Она услышала смех дочери на другом конце линии, и что‑то подсказало ей, что без участия Влады здесь не обошлось.

Они встретились с Володей у метро, чтобы пойти на выставку в Эрмитаж. Он подошел к ней, и его веселый и одновременно загадочный взгляд вызвал у нее любопытство.

Она ничего не спросила, хотя чувствовала, что он хочет ей что‑то рассказать. Но на выставке, не удержавшись, шепнула ему:

— Ты чего такой загадочный, случилось что?

Владимир рассмеялся и, взяв ее за руку, шепнул на ухо:

— Да, после выставки поговорим.

На выходе из Эрмитажа Владимир, хитро косясь на Веру, выпалил:

— Я тебя записал на курс актерского мастерства.

— Какой курс? Нет, Володь, я не пойду. Ты что, смеешься? — было первым, что она выпалила. И охнула, испугавшись, что разочаровала его своими словами.

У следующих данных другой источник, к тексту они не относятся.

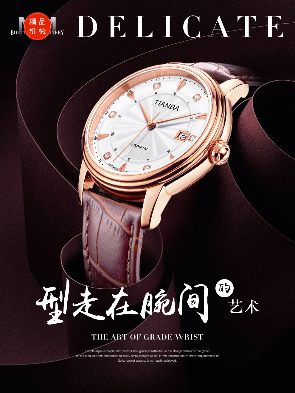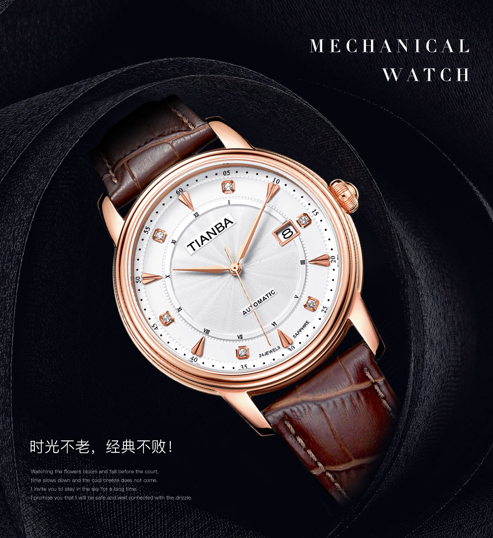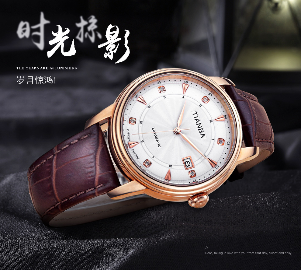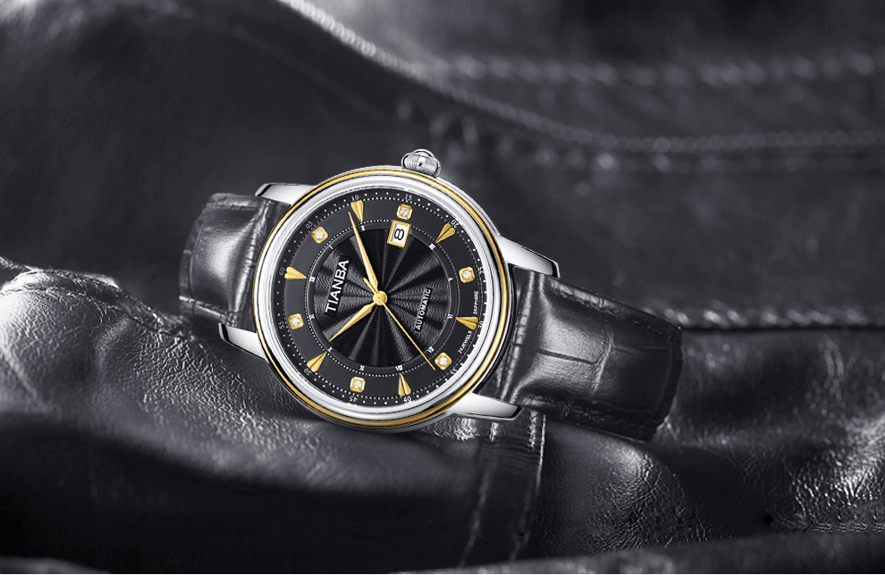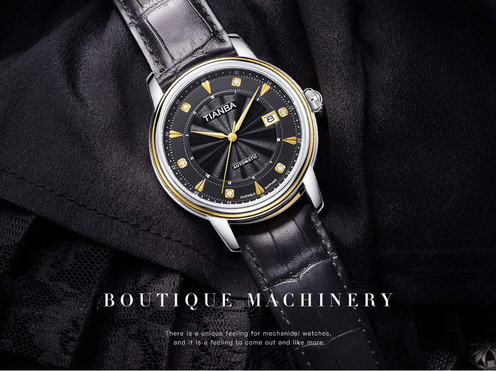 天霸(TIANBA)手表男士时尚休闲腕表真皮表带日历镶钻男表全自动机械男表TM8007 黑色 TM8007.01PK

Он ничего не ответил, просто шел рядом.

Вера шла вся в своих мыслях, когда Владимир вдруг резко остановился:

— Вера, посмотри на меня. Вера, ты знаешь, в одной книге я когда‑то прочитал: не отказывайтесь от своей мечты. Не позволяйте жизни убить ее, если в этой мечте вся ваша душа. Храните ее. Добивайтесь ее. Не забывайте о ней. Разрывайте сети, и если они все‑таки опутали вас, перегрызите их, выпутайтесь, выпрыгните и плывите, пока не утонете, но не отказывайтесь от мечты. Ты же еще можешь прожить то, о чем когда‑то мечтала, добиться того, чего хотела. А чувствовать страх — это нормально.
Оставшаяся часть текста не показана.